Remote management options are good, with the card coming as standard with AMCC’s 3DM2 utility, which allows the card to be accessed locally or remotely via a web browser over HTTPS. We like the main interface, which provides easy access to all the settings, making the card simple to configure and monitor. In terms of features and usability, we’d place it above LSI Logic’s Mega RAID Storage Manager tool and just below Adaptec’s software. Alerting options are good: you can monitor the controller and use a notification system to issue email alerts in response to warnings and errors. 3DM2’s Windows Audible Visual Alarm is a new feature that will display a pop-up window showing the error.
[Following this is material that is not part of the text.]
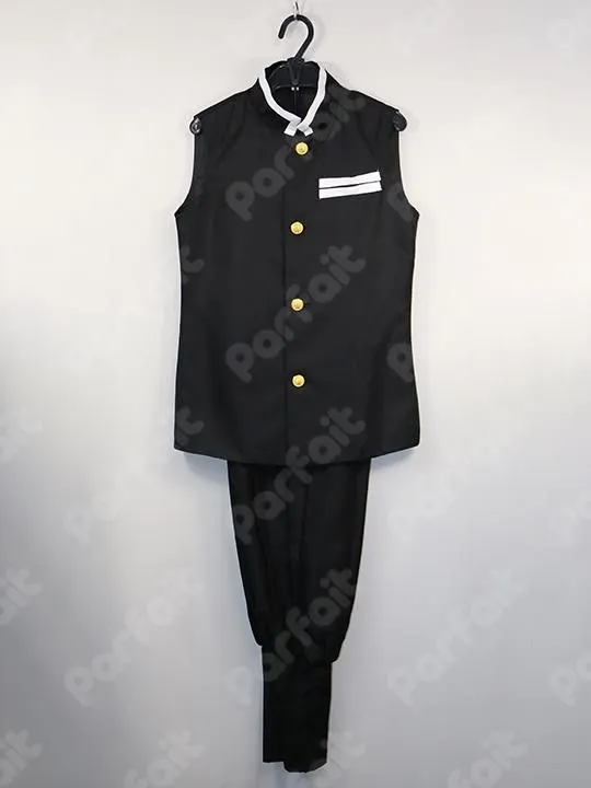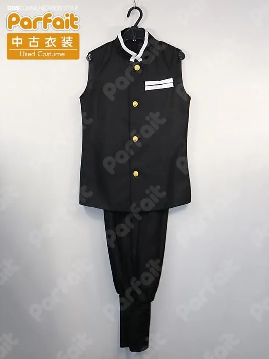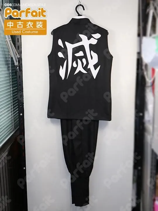 【セット内容】上着、ズボン、ベルト、手甲、手首飾り、二の腕飾り、脚絆、包帯類、ウィッグ【生地の種類】ポリエステル【コメント】ウィッグが付属した、宇髄天元仕様の鬼殺隊制服です。頭飾りが一部ありません。ズボンはゴムウエストです。背中の文字はプリントです。ベルトや腕飾りなどは合皮製で状態は比較的良好です。(2026/3時点)ウィッグはクラッセ製のシャギースタイルで前髪などの毛髪にややカット加工があり、内側に若干赤色の汚れがあります。

For speed tests, we installed the card in a dual 3GHz Xeon 5160 Boston Supermicro rack server with 4GB of memory and running Windows Server 2003 R2. We connected a quartet of high-performance Seagate Cheetah 15K.4 SAS hard disks and started with one drive configured as a single disk. To test raw performance, we used the Iometer utility configured with four disk workers, 100 outstanding I/Os and 64KB sequential read operations. On our first run, this reported back a very respectable average read rate of 94MB/sec. We then configured two drives as a stripe and saw performance climb to 167MB/sec. A three-drive stripe returned 241MB/sec, while a four-drive stripe delivered a speedy 338MB/sec.

AMCC’s new SAS controllers deliver a good combination of speed and features, but comparing test results with those of a MegaRAID 8888ELP shows that LSI Logic has a speed advantage of less than 5%. However, the 9690SA cards are competitively priced and offer more cache for your money than anywhere else.